Source data:
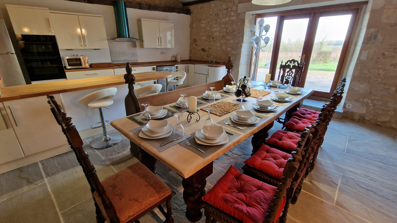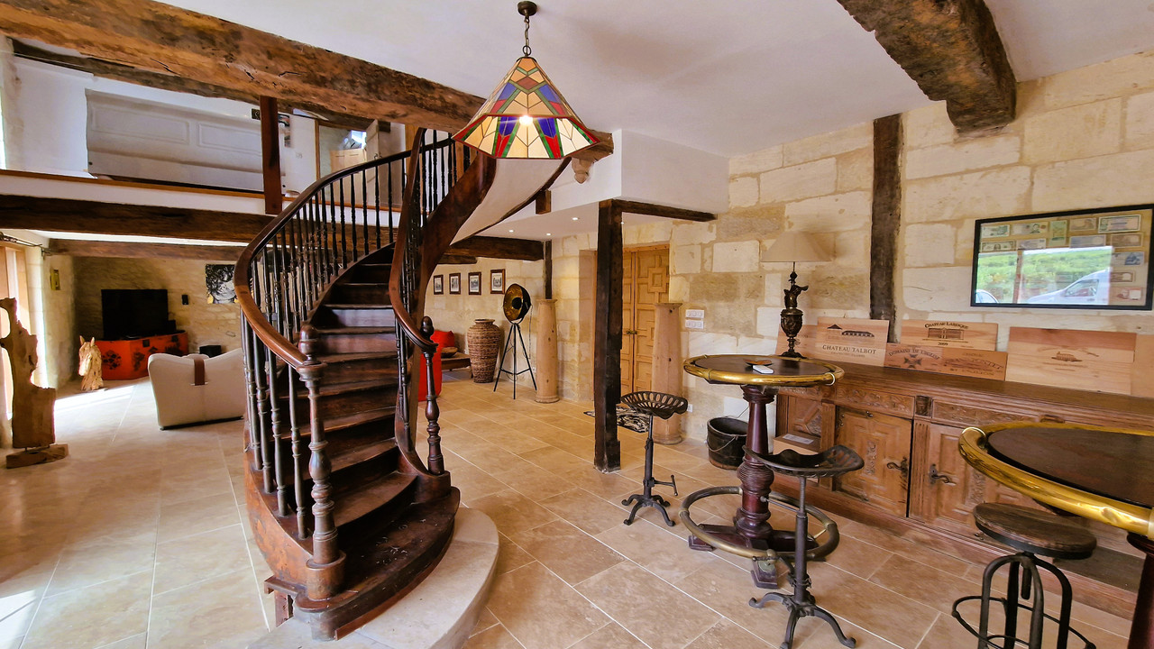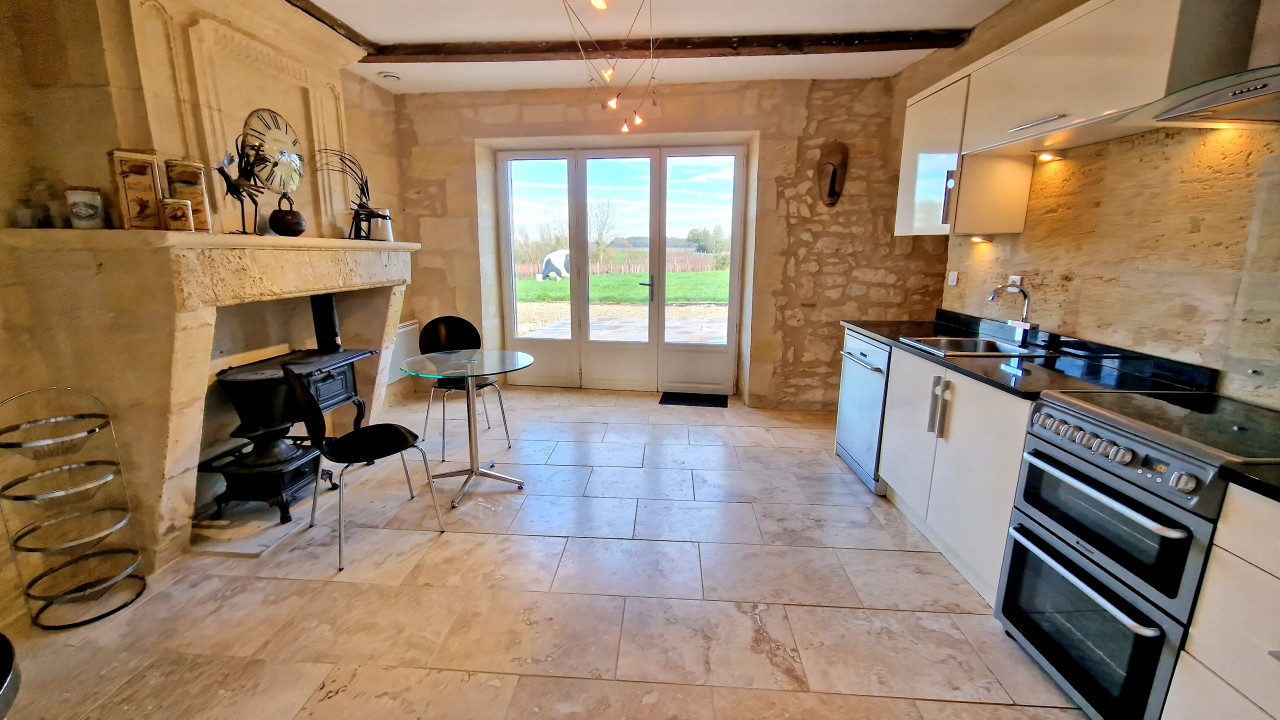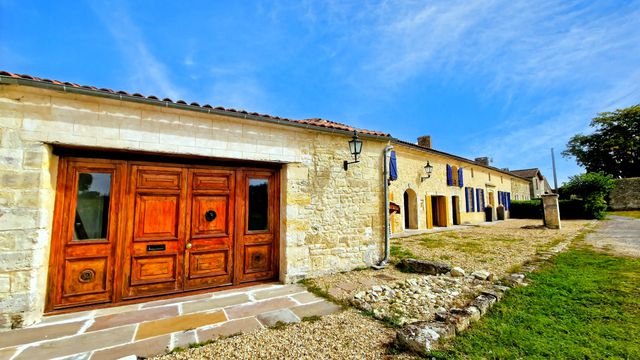 A41547SAG33 - Beautifully renovated stone property in the heart of the Lussac vineyards, consisting of three adjoining houses (192 m², 176 m² and 124 m²), ideal for a large family, multigenerational living or a gîte/holiday rental project. The ensemble offers a total of 492 m² of living space and combines historical charm with modern comfort.
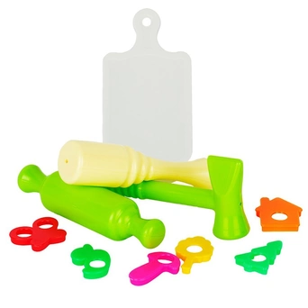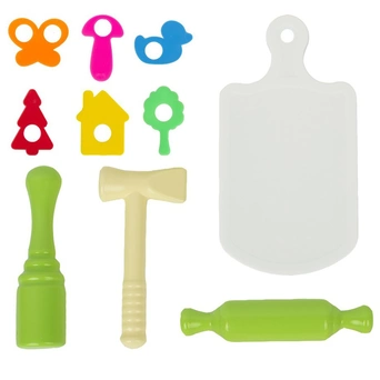Комплектация: толкушка, скалка, молоток, доска разделочная, формочкиМатериал: пластик
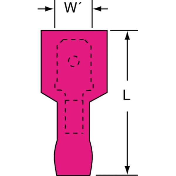 Wire Disconnect, Contact Finish Tin, Contact Material Copper, Disconnect Style Quick Disconnect, Insulation Color Red, Insulation Coverage Full Coverage, Insulation Material Nylon, Maximum Operating Temperature 221 Degrees F, Minimum Wire Size 22 AWG, Maximum Wire Size 18 AWG, Maximum Voltage 1,000 V, Tab Thickness 0.032 in, Tab Width 0.25 in, Terminal Type Tab, Termination Style Crimp, Seam Style Butted, Standards CSA Certified, EU Compliant, UL Listed, Barrel Inside Diameter 0.065 in
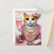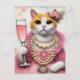 Carte Postale Adorable Chat Rose Robe avec Perles avec Boire
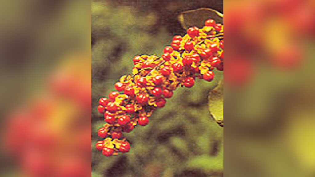 ต้น ไม้พุ่มเลื้อย สูงประมาณ 2-10 ม. เนื้อ ไม้เป็นสีน้ำตาล ใบเดี่ยว รูปไข่ หรือรี โคนใบสอบเข้าหากันมน ส่วนปลายใบแหลม หลังใบพื้นผิวเรียบ ใต้ท้องใบมี 5-8 คู่ ขนาดกว้าง 1-2.5 นิ้ว ยาว 2-6 นิ้ว ดอก ออกเป็นช่อ ยาว 4-8 นิ้ว บริเวณปลาย ยอด ดอกเพศผู้และเพศเมียแยกอยู่คนละต้น ผล ค่อนข้างกลม ปลายผลมียอดเกสรตัวเมียติดอยู่ กว้าง 5-8 มม. ยาว 5-10 มม. ผลแก่เต็มที่เกสรที่อยู่หลายผลก็จะหลุดออก ผลแตกออกเป็นห้อง 3 ห้อง ราก ต้มดื่มแก้นิ่ว ใบ ต้มกินเป็นยาระบาย ต้มดื่มเป็นยาบำรุงร่างกาย รากต้มดื่มแก้ปัสสาวะขัด ลำต้น ขับปัสสาวะแก้ไตพิการ.
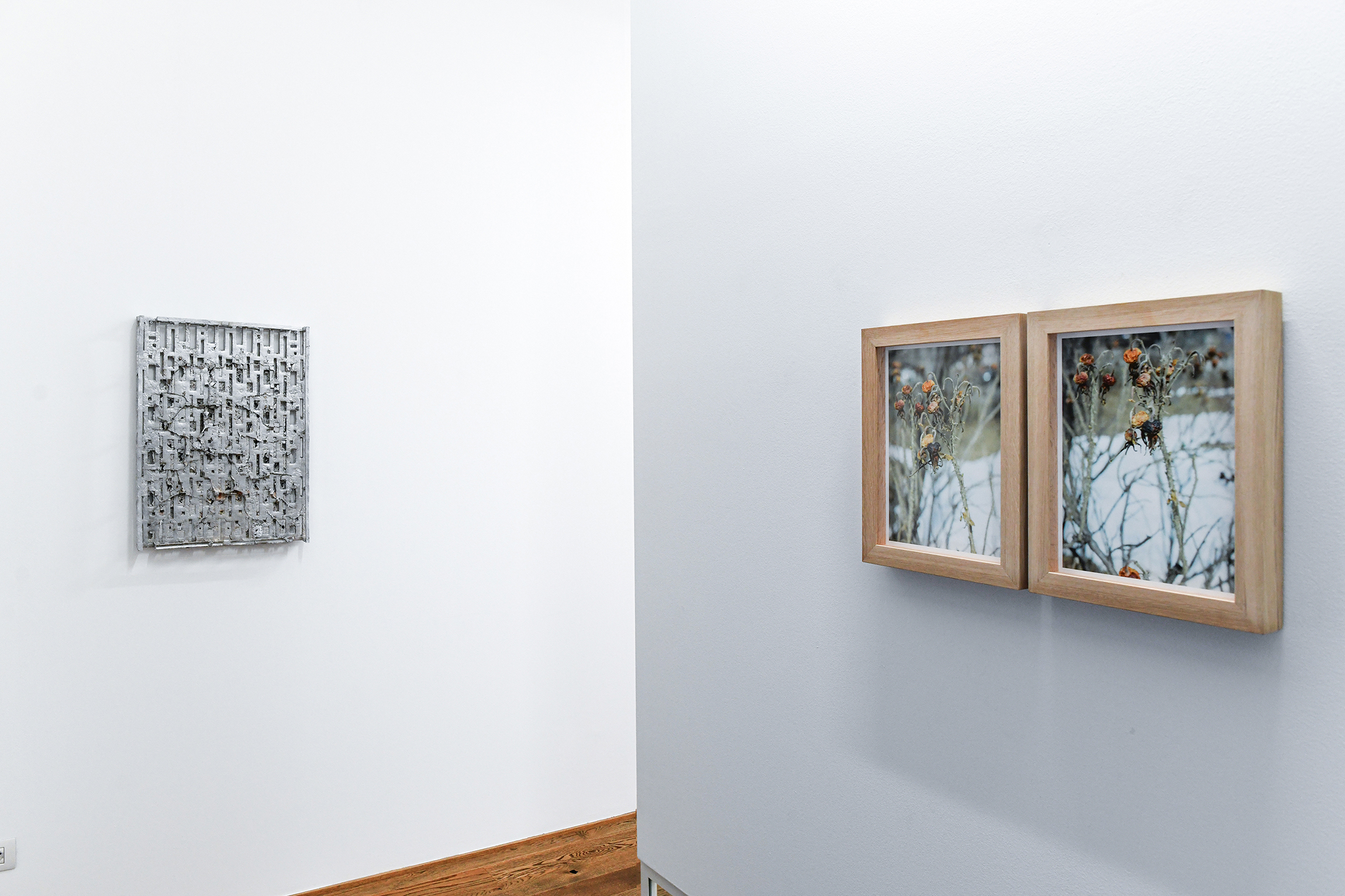 Nel percorso espositivo, ha proseguito la galleria, «i lavori dei due artisti, una ridotta e conclusa serie fotografica, Il Roseto, e Seamless, una serie di sculture in acrilico e polvere di marmo, offrono possibilità di un riconoscimento allusivo: la ripetizione di elementi del Roseto e la ripetizione delle linee di Seamless non si conclude in un rispecchiamento quanto nel tentativo di ‘far vedere’. Ci si trova immersi, coinvolti e distrattamente persi in un perimetro, quello dello spazio espositivo, che grazie alle opere – esempio elettivo di “minimo naturale” – indirizza lo sguardo senza però costringe o limitare lo spazio della possibilità».

◆ **TASK**:
Your task is to return every entry exactly as it was written, with the pictures removed.

◆ **SOLUTION**:
 A41547SAG33 - Beautifully renovated stone property in the heart of the Lussac vineyards, consisting of three adjoining houses (192 m², 176 m² and 124 m²), ideal for a large family, multigenerational living or a gîte/holiday rental project. The ensemble offers a total of 492 m² of living space and combines historical charm with modern comfort.
Комплектация: толкушка, скалка, молоток, доска разделочная, формочкиМатериал: пластик
 Wire Disconnect, Contact Finish Tin, Contact Material Copper, Disconnect Style Quick Disconnect, Insulation Color Red, Insulation Coverage Full Coverage, Insulation Material Nylon, Maximum Operating Temperature 221 Degrees F, Minimum Wire Size 22 AWG, Maximum Wire Size 18 AWG, Maximum Voltage 1,000 V, Tab Thickness 0.032 in, Tab Width 0.25 in, Terminal Type Tab, Termination Style Crimp, Seam Style Butted, Standards CSA Certified, EU Compliant, UL Listed, Barrel Inside Diameter 0.065 in
 Carte Postale Adorable Chat Rose Robe avec Perles avec Boire
 ต้น ไม้พุ่มเลื้อย สูงประมาณ 2-10 ม. เนื้อ ไม้เป็นสีน้ำตาล ใบเดี่ยว รูปไข่ หรือรี โคนใบสอบเข้าหากันมน ส่วนปลายใบแหลม หลังใบพื้นผิวเรียบ ใต้ท้องใบมี 5-8 คู่ ขนาดกว้าง 1-2.5 นิ้ว ยาว 2-6 นิ้ว ดอก ออกเป็นช่อ ยาว 4-8 นิ้ว บริเวณปลาย ยอด ดอกเพศผู้และเพศเมียแยกอยู่คนละต้น ผล ค่อนข้างกลม ปลายผลมียอดเกสรตัวเมียติดอยู่ กว้าง 5-8 มม. ยาว 5-10 มม. ผลแก่เต็มที่เกสรที่อยู่หลายผลก็จะหลุดออก ผลแตกออกเป็นห้อง 3 ห้อง ราก ต้มดื่มแก้นิ่ว ใบ ต้มกินเป็นยาระบาย ต้มดื่มเป็นยาบำรุงร่างกาย รากต้มดื่มแก้ปัสสาวะขัด ลำต้น ขับปัสสาวะแก้ไตพิการ.
 Nel percorso espositivo, ha proseguito la galleria, «i lavori dei due artisti, una ridotta e conclusa serie fotografica, Il Roseto, e Seamless, una serie di sculture in acrilico e polvere di marmo, offrono possibilità di un riconoscimento allusivo: la ripetizione di elementi del Roseto e la ripetizione delle linee di Seamless non si conclude in un rispecchiamento quanto nel tentativo di ‘far vedere’. Ci si trova immersi, coinvolti e distrattamente persi in un perimetro, quello dello spazio espositivo, che grazie alle opere – esempio elettivo di “minimo naturale” – indirizza lo sguardo senza però costringe o limitare lo spazio della possibilità».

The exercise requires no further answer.